A word of advice if, like me, you're haphazardly researching your family tree: if you email yourself a link, or snap a screenshot of a website, add a note as to why. I'm looking at a link to an old newspaper I emailed myself some months ago, and trying to figure out if the item of interest was the obituary with the huge list of mourners and mass card givers, or if the paper itself was of interest and this just happens to be a convenient jump-off point to get to it...

October 11
Watched Enemy of the State on Netflix (I think this is about the second thing I've watched since I subscribed some months ago...) and it's really funny to see how much of this movie could be run as-is today without altering it. Sure, you'd have to update the cellphones to something more modern, and the only reference to the Internet I noticed was Gene Hackman's character mentioning email exactly once, but still. A surprisingly topical movie given that it predates the WTC attacks, the PATRIOT act, etc.

October 9
Shiny new 2TB drive added to replace the dead 250GB one. Slightly alarmingly, the Drobo started flashing all LEDs at me, but it appears this is telling me it's rebuilding the array to take advantage of the upgrade in available space.


October 5
Hmm.

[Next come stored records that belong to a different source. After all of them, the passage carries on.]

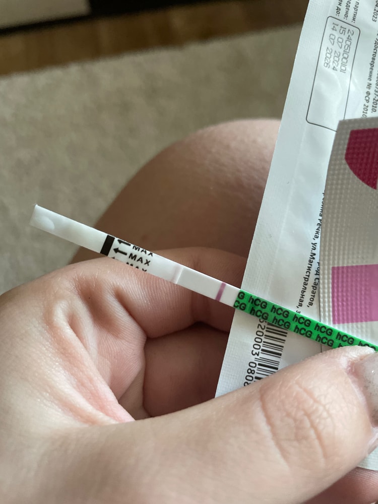 "Под упаковкой" это не полоска, это не до конца высохший тест. Вторая должна быть на белом поле рядом с контрольной, так что у вас отрицательный пока.
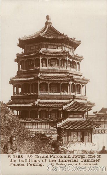 *** 1000 HI 17 YYYA XxX (G)D)x 65x61 TOK<*****0 R-1408-4205-Grand Porcelain Tower, one of the buildings of the Imperial Summer Palace, Peking. Underwood & Underwood.
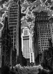 ?Crio perspectivas imaginárias assim como cenários monumentais onde São Paulo e outras capitais do Mundo se tornam paisagens surreais preenchidas com uma mensagem poderosa e extremamente atual. Elementos simbólicos se integram em volta dos envelhecidos ícones mundiais, insanamente detalhados e produzidos através de técnicas européias de trama e gravura do século XVIII, apesar de minhas visões serem impregnadas com os pesadelos psico-sociológicos, industriais e nucleares do nosso Terceiro Milênio?, diz Pedro Kastro.
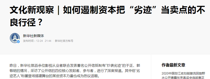 12月24日,新华社继续追问:谁在给“劣迹艺人”提供粉墨登场的舞台?如何遏制资本把“劣迹”当卖点的不良行径?资本以及某些竭力为“劣迹艺人”粉饰的媒体应承担哪些责任?
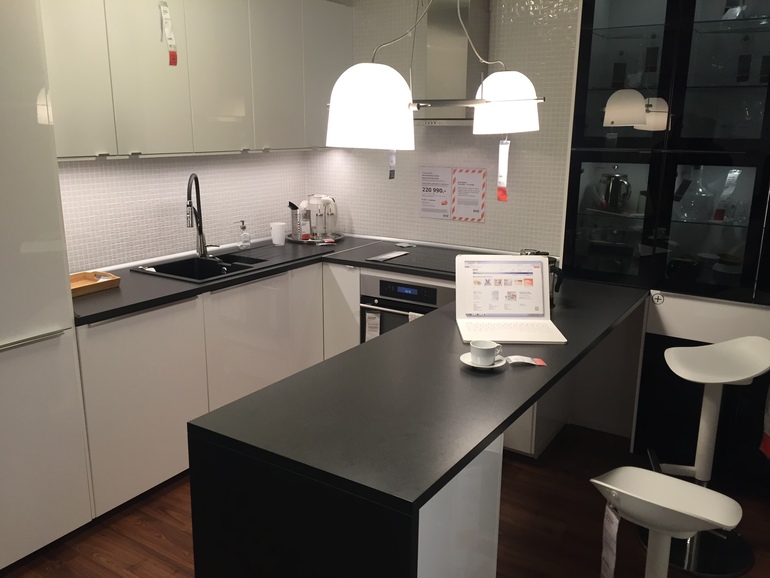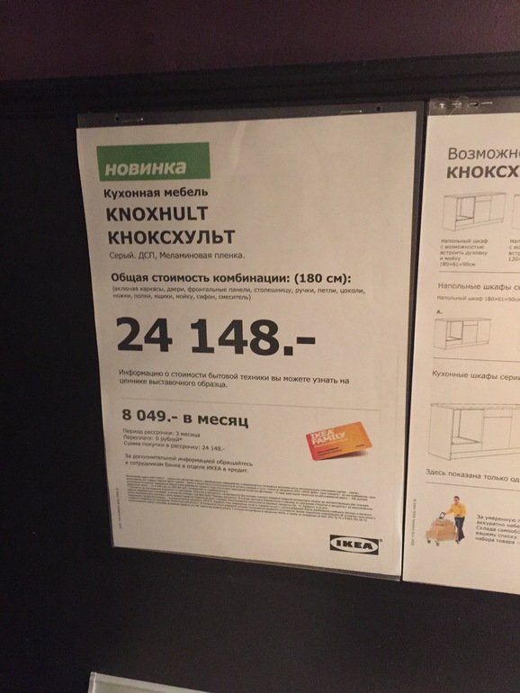 Смотрите внимательней на фото, там разные кухни, разные цены и описание что входит в стоимость, а лучше конечно едьте в Икею и там вам наверно все посчитают, я же просто гуляла по магазину и фоткала "витрины"
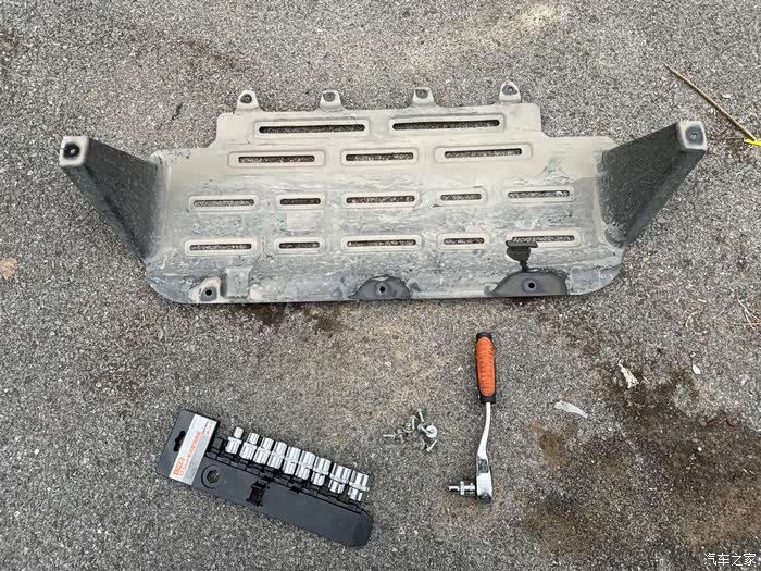 首先仍然是拆下地盘护板,一共9个螺丝,棘轮扳手再次安利,成功男人必备。手握扳手,啥子都有。
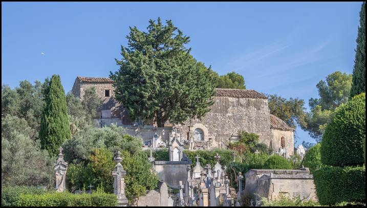 Située dans le cimetière d’Eyguières la Saint-Vérédème a été édifiée sur les vestiges d’un édifice antique.
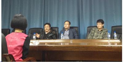 2014年11月14日晚上,beat365在东荣大厦511学术交流中心举办本科生保研经验交流会。交流会由本科生教学秘书曲文娜老师主持。本次交流会邀请到国际政治系郭锐副教授、行政管理系孙德超副教授和政治学系马雪松副教授担任评委,并由2011级三名已经成功保研的同学贺竞超、李思宇、徐炎做现场模拟面试。
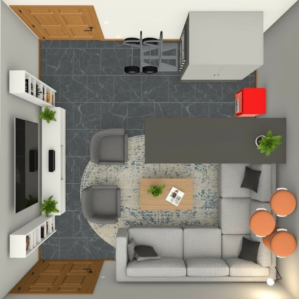 do not change the architecture at all smooth trowel stucco with light sand color light board form concrete building base vertical wood slats horizontal metal panel siding in light beige color slightly darker than stucco dark brown metal railings and horizontal fascia do not change the architecture at all morning sky with thick marine layer fog
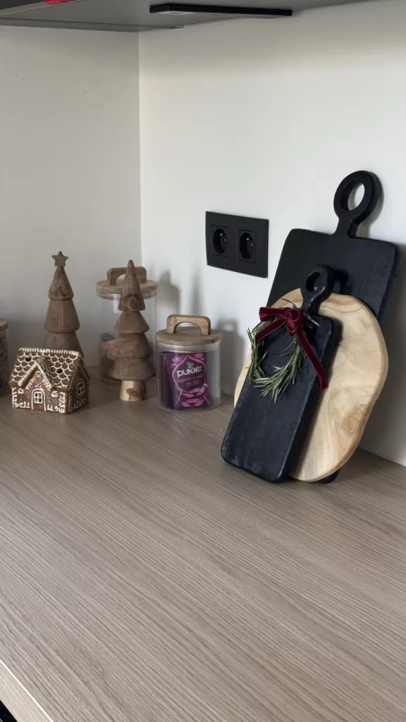 La cuisine, c’est clairement la pièce que je décore le moins chaque année. Et pourtant… c’est souvent là qu’on passe le plus de temps pendant les fêtes !
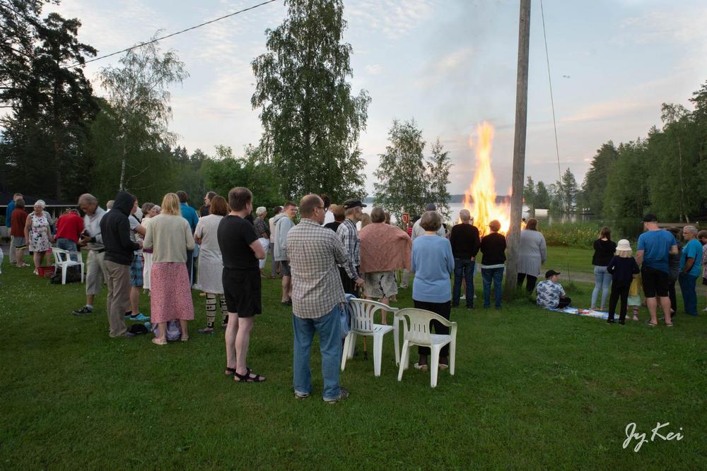 Tänä vuonna saimme viettää koko juhannuksen lämpimässä, jopa helteisessä säässä. Lipunnoston jälkeen Niemelän Minna toivotti hyvää juhannusta yhdistyksen hallituksen puolesta. Tuttu miestrio esitti musiikkia ja runoja. Kokon sytytti isäntä Antti, rannalle oli suuri joukko juhlijoita saapunut sitä katsomaan. Ihana, perinteinen Niihaman juhannus.
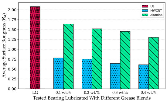 For the grease containing MWCNT, the average surface roughness values were measured at 0.78 µm, 0.75 µm, 0.64 µm, and 0.61 µm for concentrations of 0.1 wt.%, 0.2 wt.%, 0.3 wt.%, and 0.4 wt.%, respectively. These values represent percentage reductions in the surface wear of the bearing raceway of up to 62.50%, 63.94%, 69.23%, and 70.67%. In comparison, for the bearings lubricated with grease containing Al2O3, the average surface roughness values were measured at 1.64 µm, 1.52 µm, 1.45 µm, and 1.30 µm for concentrations of 0.1 wt.%, 0.2 wt.%, 0.3 wt.%, and 0.4 wt.%, respectively. These measurements correspond to reductions of 21.2%, 26.9%, 30.3%, and 37.5% when compared to the surface roughness values recorded for LG. Figure 14 illustrates the surface roughness measurements for all test cases.
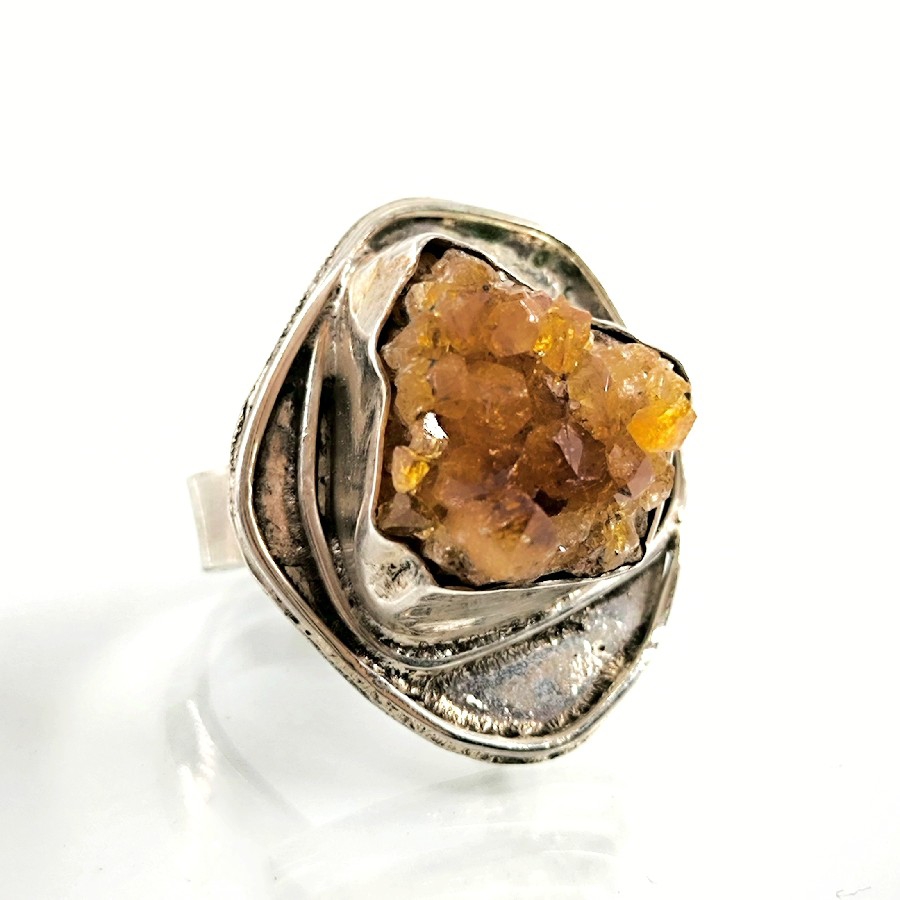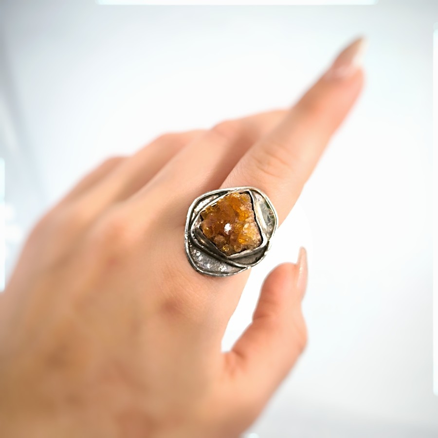 Yüzükte kullanılan ham sitrin taşı, doğal bir enerji kaynağı olarak bilinir ve kişinin aura enerjisini yükseltmeye yardımcı olur. Ayrıca bolluk, refah ve mutluluk getirdiğine inanılır. Bu nedenle bu yüzük, kullanıcısına hem stil hem de sakinlik kazandırır.

I appear to have some class of performance problem:
Oct 3 04:29:18 zippy.local com.apple.backupd[41286]: Copied 24.5 MB of 16.33 GB, 128138 of 352390 items
Oct 3 07:29:18 zippy.local com.apple.backupd[41286]: Copied 81.8 MB of 16.33 GB, 128140 of 352390 items
Oct 3 08:29:24 zippy.local com.apple.backupd[41286]: Copied 82.2 MB of 16.33 GB, 128142 of 352390 items
Oct 3 11:29:19 zippy.local com.apple.backupd[41286]: Copied 82.4 MB of 16.33 GB, 128144 of 352390 items
Oct 4 08:29:17 zippy.local com.apple.backupd[41286]: Copied 82.5 MB of 16.33 GB, 128159 of 352390 items
Oct 5 02:29:12 zippy.local com.apple.backupd[41286]: Copied 82.6 MB of 16.33 GB, 128184 of 352390 items


Ah, interesting. It looks like one of the drives in my Drobo unit died, which appears to have impacted its capacity somewhat negatively. I discovered this by firing up the dashboard, which wasn't running, as the Drobo is located in such a way that the currently-red LED which would have tipped me off to this failure is facing the wall rather than, well, me. Also, the regular monitoring wasn't working, so no software-based alerts either. Sheesh. And when I fired up the dahsboard, it wanted to update itself and install some Java. And now I have the updated dashboard, post-reboot, and it wants to update itself again... some days these tools are more trouble than anything else. Anyway, time to replace that drive, I guess.

October 4
Beautiful Creatures seems like the sort of movie the Twilight saga aspires to - supernatural powers as a cipher for adolescence, fine, but clever dialogue, intelligent characters, and so many other things done right that the vampire series just seemed to flounder with. Also, lead actor looks like the offspring of Johnny Depp and John Cusack, so in my opinion he'll do well (assuming he doesn't explode in a ball of self-destruction first).